When designing buildings, a lot of thought must go into them. This is to ensure that the building achieves its functionality, and to ensure that it is environmentally responsible and resource efficient through its life cycle. It is for this reason that when through a design process, there must be a design strategy, that will detail its design, construction, operation, maintenance, future renovations and possible demolition.


An example of such a building that has a design strategy is “The Queen’s Building” which was designed for the School of Engineering and Manufacturer on the city campus at De Montfort University in Leicester, England.

The Purpose of this building was to be an educational facility that would accommodate not only a large amount of students and staff but also facilitate the need for the building to sustainable, by designing it in such a way that it would be naturally ventilated and make use of natural lighting where in places where the first option would have been to use a electrical lighting method.

In this essay, I will speak on how this concept and design strategy was achieved, the design considerations that were made in an effort to have the building achieve a low carbon foot print, and to reflect on whether The Queens Building was successful in its design and construction as a sustainable building.


“The Concept for this design of the Queens Building was for a highly insulated, thermally-massive envelope with both a shallow plan and generous ceiling heights to facilitate natural ventilation and day lighting”, this according to Bil Bordass.

The Building would have three main areas which would adhere to its task of keeping the building naturally ventilated and with natural light.
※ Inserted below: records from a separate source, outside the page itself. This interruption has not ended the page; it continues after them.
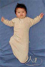 Unipussi on Suomessa nykyään melko tuntematon vaate. Keski-Euroopassa niitä löytää kaikista vauvantarvikeliikkeistä ja tavarataloistakin. Kätilöt suosittelevat unipussia vauvan ensimmäisen puolen vuoden ajaksi, sillä näin vauva tuntee omien jalkojensa ihon ja lämmön ja tämä luo turvallisuutta. Vauva voi liikuttaa jalkojaan vapaasti pussin sisällä. Riippumatossa nukkuvalle vauvalle unipussi on ihanan helppokäyttöinen. Myös kestovaippoja käyttävän valinta, sillä vaipanvaihto on yöllä pimeässä hyvin helppoa. |
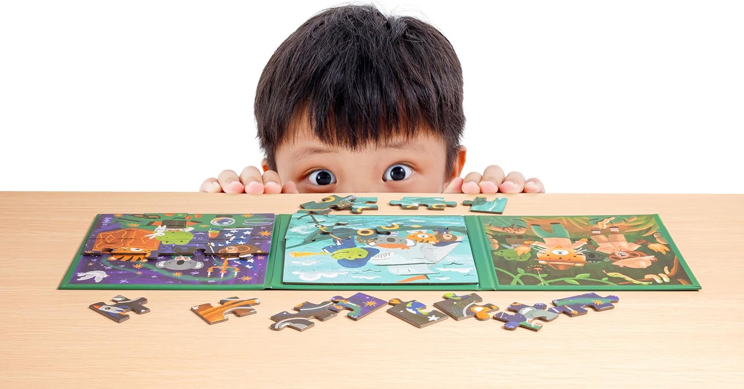 A unique magnetic toy, the best for kids, puzzle! In a foldable package with 4 different puzzles in 1 that closes like a book.
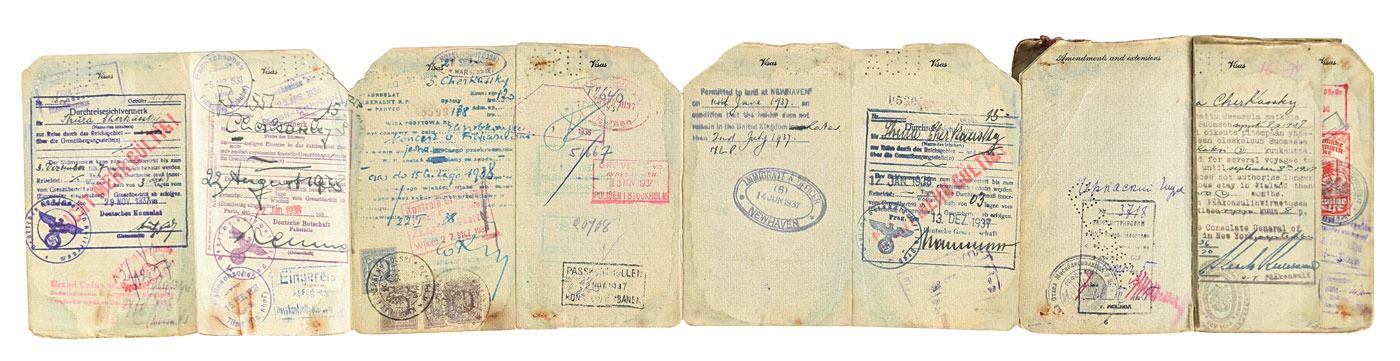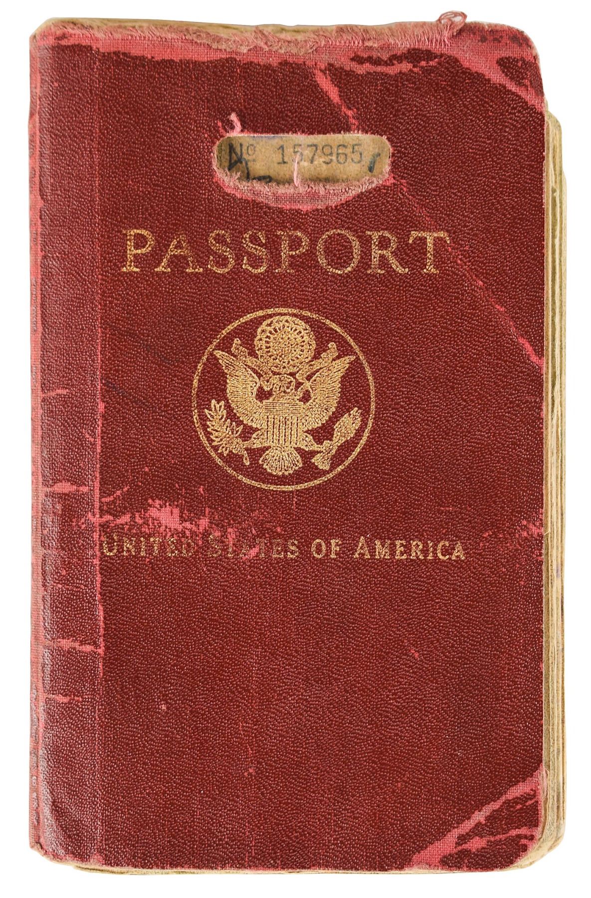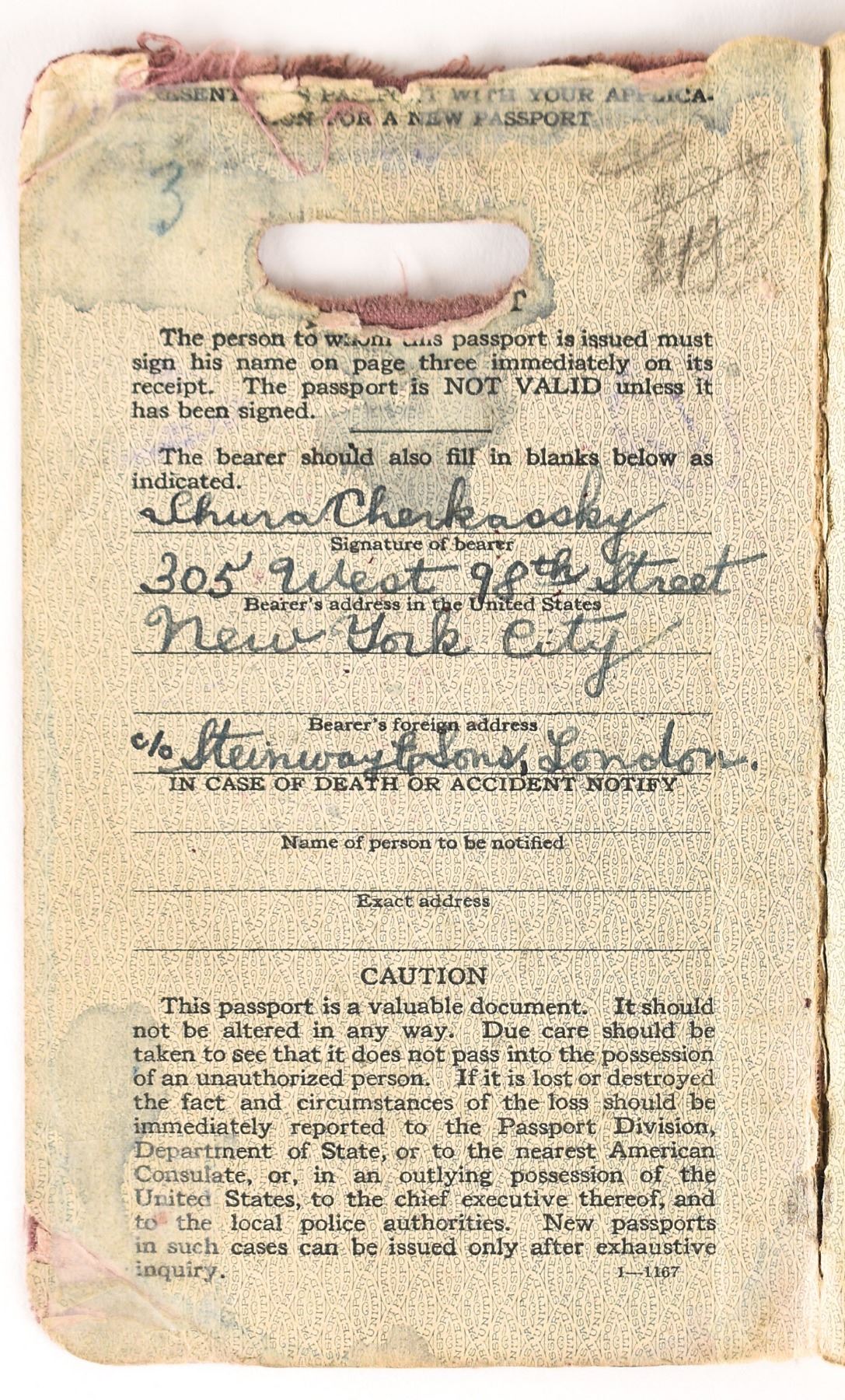 Durable and highly regarded Russian-born pianist (1911–1995) who mastered a wide-ranging repertoire of Romantic and modern works. Shura Cherkassky's well-traveled personal passport, number 157965, issued on December 11, 1934. The passport measures 3.75 x 6 and is filled out inside the cover in his own hand, "Shura Cherkassky, 305 West 98th Street, New York City," with famous pianomaker "Steinway & Sons, London," named as who to notify "in case of death or accident." His personal information is filled out in type inside, listing his occupation as "Pianist," signed below in thick fountain pen, "Shura Cherkassky." His passport photo is affixed to the opposite side, and is also signed across the top in fountain pen. The heavily used passport has several extra pages affixed inside, and includes visa stamps from all around the world: Sweden, France, Nazi Germany, England, Russia, Finland, Poland, Japan, and China, among many others. In very good condition, with moderately heavy overall wear from frequent use.
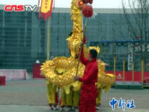【采访】面塑作者董昭武:在我们村,特别是每年丰收和各方面经济比较富裕的情况下,我们都参加制作龙和其它各项迎接新年到来这些活动。这个龙制作是飞龙形状,制作这个龙总共用了100多公斤白面,用人力每天80到100人,总共制作长达半个月。
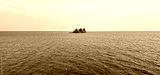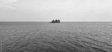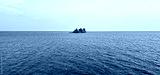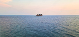 Tranquil seascape at sunset with a small rocky island covered in trees in the distance, surrounded by calm blue waters under a pastel sky. Petrovac, Montenegro-
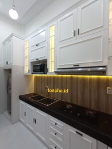 Area Yang Terbatas tidak menghalangi Keindahan dan harapan menghadirkan nuansa interior dapur yang bergaya Classic bak American Style. Seperti pada dapur hunian Bapak Nurchalis ini. Peralatan modern baik itu kompor Tanam, bak sink, Cooker Hood Oven dan Refrigerator Tertata dengan baik dalam satu sisi yang sama. Kini giliran anda.
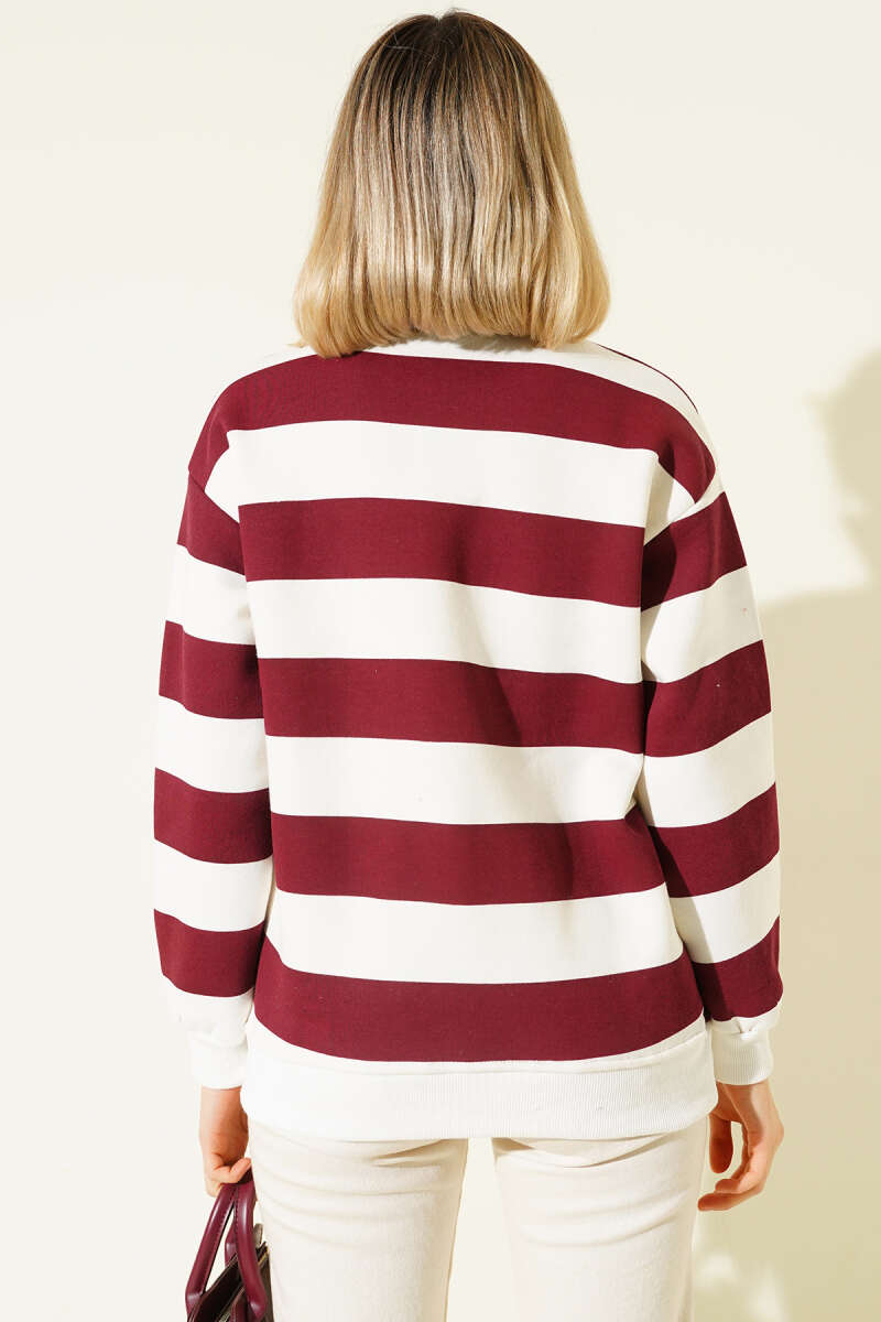 Yatay Çizgili Fermuarlı Üç İplik Sweatshirt Bordo

These were the Central Building, The Electrical Laboratories and The Mechanical Laboratories.

• The Central Building, its full height and open area would act as a vertical shaft bringing natural light to the floors below it (Light Well), and to act as a comfortable meeting area and smooth transition between the main areas.

• Electrical Laboratories which was used as two wings in the courtyard entrance which would regulate the amount of sun that penetrates the floors of the laboratories.

• Mechanical Laboratories which would be mechanically ventilated.

These mains areas focus were intended by their design to manipulate and regulate natural day lighting and natural ventilation for the entire building and using its brickwork envelope as a temperature stabilizer, all in an effort to minimize the use of energy that would have in turn be damaging to the environment and added to its carbon footprint.












Ventilation strategy

Natural Ventilation played a major role in the design on this building as it seem that where possible, every inch was used as a way to keep areas of the building naturally ventilated. The labs that had a narrow floor plan were fitted with operable windows to allow for cross ventilation. The main floor which has a larger floor plan cannot rely on the windows so then came eight large chimneys which help to exhaust hot air. The chimney rely on the stack effect to operate, which means, when the difference in the air between the top and bottom is greater than the air that is outside , the hot air vents out, which in turn allowing for cool air to come into the building to cool it and its occupants. Also in the Auditoria, there are louvered windows which allows fresh air to enter through the north façade by means of plenums below floors and wall inlets. But to put it in a simpler standpoint, what I view from Queen’s building in terms of it ventilation strategy is that, large chimneys were used to create a stack effect and allow the building to ventilate hot air out and allow cold air in and then cross-ventilation through the use of windows and louvers. There’s also the use of ridge exhaust ventilators which can be found the mechanical laboratories which are controlled through motorized dampers. The envelope of the building played an important role in the ventilation strategy as well, as it used brickwork which creates a large thermal mass which also helps to stabilize temperature fluxes, which is was perhaps used for night cooling to remove the need for air conditioning the building at night.




To ensure as much natural lighting to enter the building, simple design solutions such as window were used to the sides of the buildings, most with deep reveals, and overhanging  eaves to regulate and minimize the amount of sunlight that gets into the building, and also to control the amount of heat transfer from the sun rays.

Within open space areas of the building with high ceilings, roof lights and North windows  were used to allow sun penetration. Gabled glazing which also acted as ridge ventilators in the mechanical laboratories were used to allow light in. Even down to small details such as having the walls painted white were used as a design consideration to allow light to bounce off interior spaces. Glass brick ramps were also used in the main circulation areas to allow light to pass through the lower spaces of the building.

The architects spared no detail when it came to there design strategy.




This approach in the designing strategy of the Queen’s Building seems to have been successful in creating a sustainable building, and they approached it very well in terms on ventilation and lighting systems that were used such as the chimneys to give the stack effect and the operable windows which allowed for cross ventilation. Even the use of different materials internally such as the glass bricks to me was a good touch. But where they succeeded in their design strategy, they failed in carrying it out properly which created a few service issues.